Journalist Dan Gillmor comments on the barbed wire at Davos and wonders if
"the Swiss and the Forum understand how much this police-state stuff is
fueling the outrage." He hopes that "the corporate and political leaders
here are listening."

I think they're in a bind.

A key social dynamic in democratic societies - and one that explains the
power of direct-action campaigns - is that the police repression deemed
necessary to stop a protest movement only fuels it, the police excesses
proving the legitimacy of the protestors' griefs. Call it a "multiplier
effect."

The elites understand that. After the late 60s/early 70s, repression was
lifted from all moral, cultural or lifestyle choices in the developed
countries - i.e. sex, music, and drugs - as a way to defuse the "aesthetic"
side of social protest. Marcuse called it "repressive tolerance." (Holland
seems to be the model for it. An exception is Britain, which politicized a
youth movement by outlawing techno culture with the Criminal Justice Act of
1994. Thanks for helping make Reclaim the Streets, Mr. Major!)

Similar efforts have been made since the 70s to accomodate strictly
political protest in every way possible, with the nice result that the
specific effects of protest campaigns on legislation and on corporate and
governmental process have actually risen, despite the diluting effect of
integration/compromise/sellout, etc.

However, destruction of private property - "breaking windows at a local
McDonald's" - is still intolerable, as is the dispruption of official
proceedings through unauthorized entry on private or restricted property.
Which is why these tactics are being used right now, with mainly positive
effects I'd say, even if they make the moderate activists a little nervous.

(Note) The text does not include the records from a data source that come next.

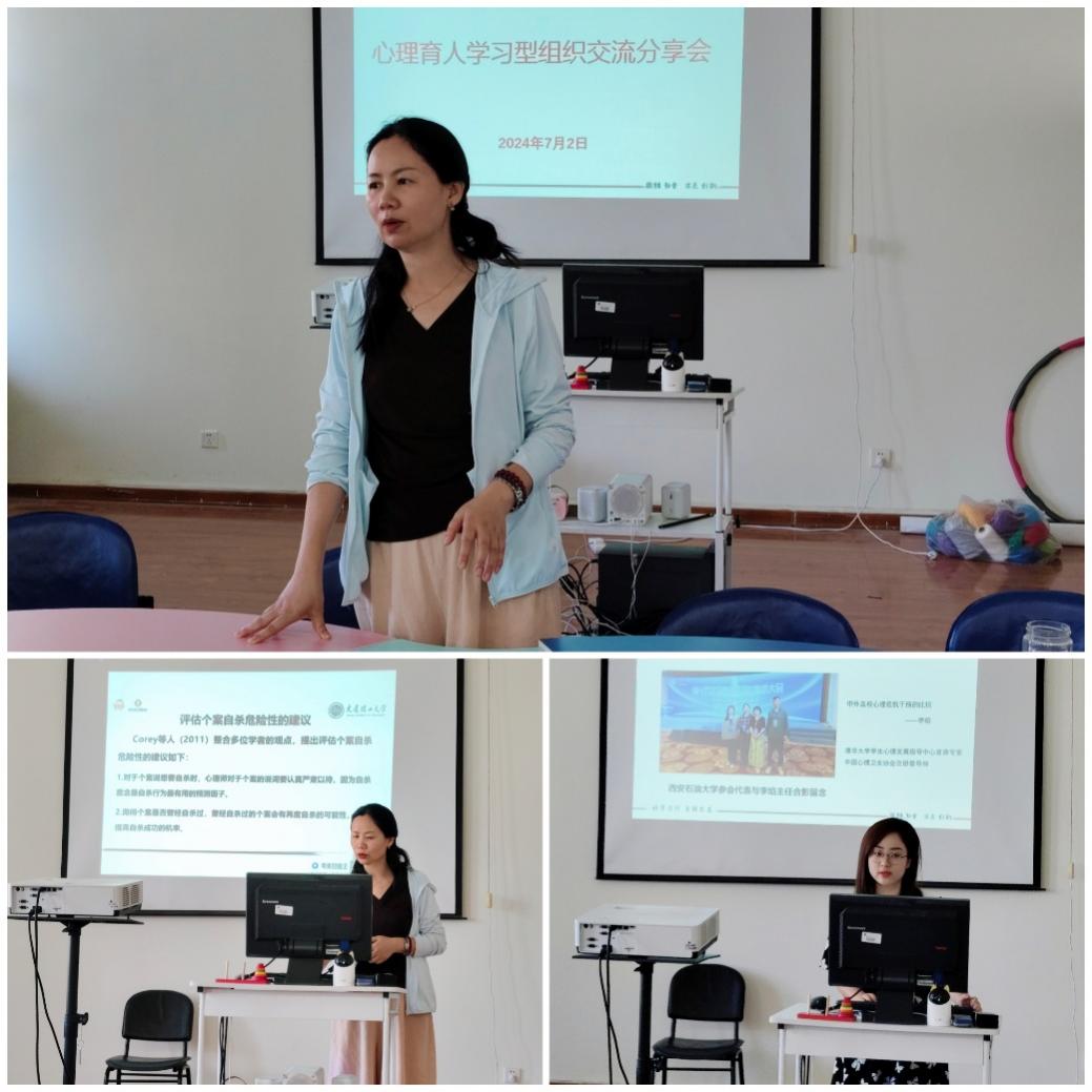 根据学生心理成长指导中心倡导的“一人学习,众人受益”原则,每位外出参加会议或培训的老师,均需在校内进行分享。2024年7月2日,学生心理成长指导中心在鄠邑校区崇文楼427室举办了心理育人学习型组织活动——“第十六次全国心理卫生学术大会”参会分享。全体专职心理老师和部分院(系)心理专干老师参加了本次分享交流会。
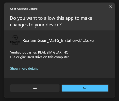 Once downloaded, find (usually your Downloads folder), the installer, "RealSimGear_MSFS_Installer-2.1.2.exe" and double click it to run the installer.
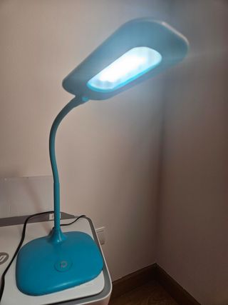 Lámpara de escritorio con un diseño moderno y funcional. Ideal para iluminar tu espacio de trabajo o estudio. - Brazo articulado para ajustar la luz. - Base estable y robusta. - Interruptor integrado en la base.

Two solutions then present themselves to the authorities: either keep the
illegal activity and its repression out of the media, in which case it can
have no multiplier effect; or make the activists be perceived as criminals
with no legitimate cause. So far, the first tactic appears impossible for
the protests against capitalist globalization (and Internet helps keep it
that way). The second tactic is what we see emerging this year in the
communiques of the global institutions, as they struggle to integrate
critique, promise reform, and thereby discredit the activists.

So far there is zero reform, Davos is an armed camp, the RCMP is building a
wall around a neigborhood of Quebec City for the Free Trade Area of the
Americas talks, and the WTO is set to convene out in the Aarabian desert.
The global police state looks bad and the ball is in the court of the
protestors.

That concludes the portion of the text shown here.